Un entretien entre Ilyas el Omari et Abdelilah Benkirane clarifie la position du PAM
Prenant le contrepied de sa propre presse, le secrétaire général du PAM Ilyas el Omari a affirmé avoir eu un entretien téléphonique avec le chef du gouvernement désigné. C’est un communiqué du PAM qui le dit, ajoutant que des discussions ont eu lieu entre les deux hommes sur la future majorité, et le rôle de Benkirane dans sa formation, ainsi que sur l’opposition, et la place qu’y tiendra le PAM.
Ainsi, dans ce communiqué, le parti d’Ilyas el Omari a le mérite d’exposer clairement sa position sur l’échiquier politique.

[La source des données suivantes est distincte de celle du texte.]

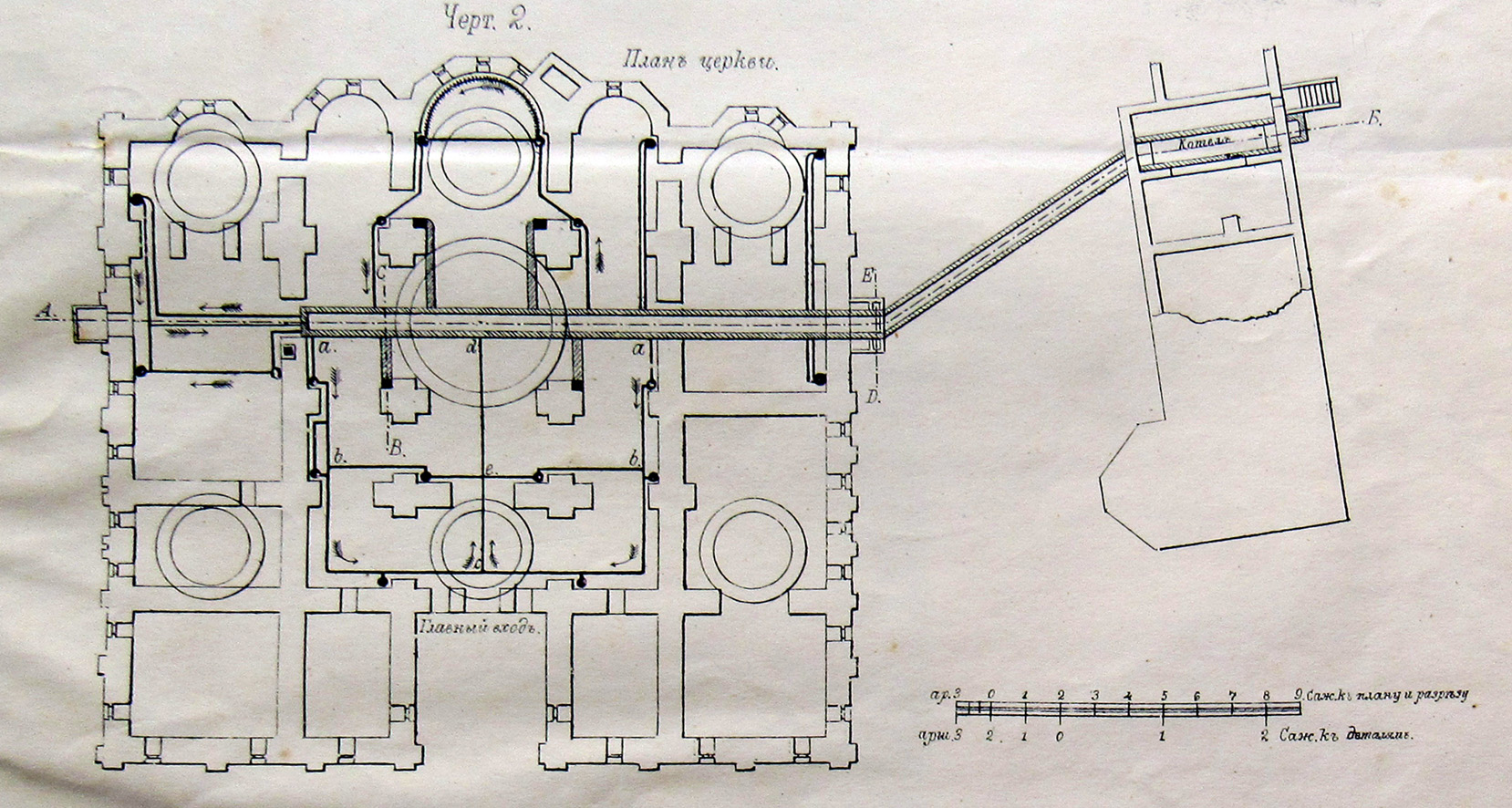 A low-pressure water heating boiler that was 24 feet (7.3 m) in length and 4.5 feet (1.4 m) in diameter, contained 64 cubic meters of water. It was located in the basement of a separate building at a distance of 11 yards (about 23 m) from the Church. Those two points were connected by the underground brick gallery, which was 2.5 arshins (178 cm) high and 1.25 arshins (89 cm) wide. In the Cathedral the gallery branched into several winding air ducts of smaller cross-section. In the middle of each of those smaller galleries there were pipes with hot water. “Special vertical furnaces” or batteries with vertical ribs (that were 1 foot/0.3 m in diameter and 7.5 feet/2.3 m in their height) were installed in the temple. In addition, there also appeared small mines in the building. Through them the warm air, which was coming out of the air duct, c ould get into the Great Church premises. Six months later, Ivan Lilier received a reward of 500 rubles for his work. The system and equipment were tested and showed good performance.

Il ne s’agit pas tant de réaffirmer et de confirmer son positionnement dans l’opposition durant ces cinq prochaines années que de marquer sa distance avec le processus de négociation du chef du gouvernement.
« Le PAM a adopté une position de neutralité dans les concertations actuellement en cours et il ne coordonne son action avec aucune formation politique, quelle qu’elle soit, aussi bien officiellement qu’en secret », dit le communiqué. Cela, c’est pour répondre aux accusations qui commencent à se faire entendre sur des contacts discrets qui seraient entretenus entre Ilyas el Omari et Driss Lachgar, lequel a reculé et a adopté une position obscure dans sa réponse au chef du gouvernement après avoir déclaré être partant pour la majorité, à l’issue de la rencontre qui avait eu lieu le 18 octobre entre lui et Abdelilah Benkirane.
Le PAM souligne aussi l’importance de former le gouvernement dans les plus brefs délais pour dépasser cette situation de blocage que connaît aujourd’hui la scène politique, rappelant encore une fois que le PAM se positionne dans l’opposition et n’a de contact avec personne.
C’est donc là le principal objectif de ce Bureau politique. Démentir les accusations dont fait l’objet le PAM de tirer en coulisses les ficelles pour retarder la formation de la majorité.
Contrairement aux autres formations, qui se sont toutes déclarées fières et adhérent au termes du discours royal de Dakar, le PAM n’a fait aucune allusion à ce discours ni à la politique africaine préconisée par le roi. C’est normal, il sera dans l’opposition et n’est pas concerné par la diplomatie active.
Il ne reste plus à l’USFP qu’à clarifier sa position pour hâter la formation du gouvernement, ou pour laisser Benkirane passer à un plan B, c’est-à-dire compléter sa majorité avec le RNI, ou revenir au roi Mohammed VI pour lui signifier son échec à réunir sa majorité.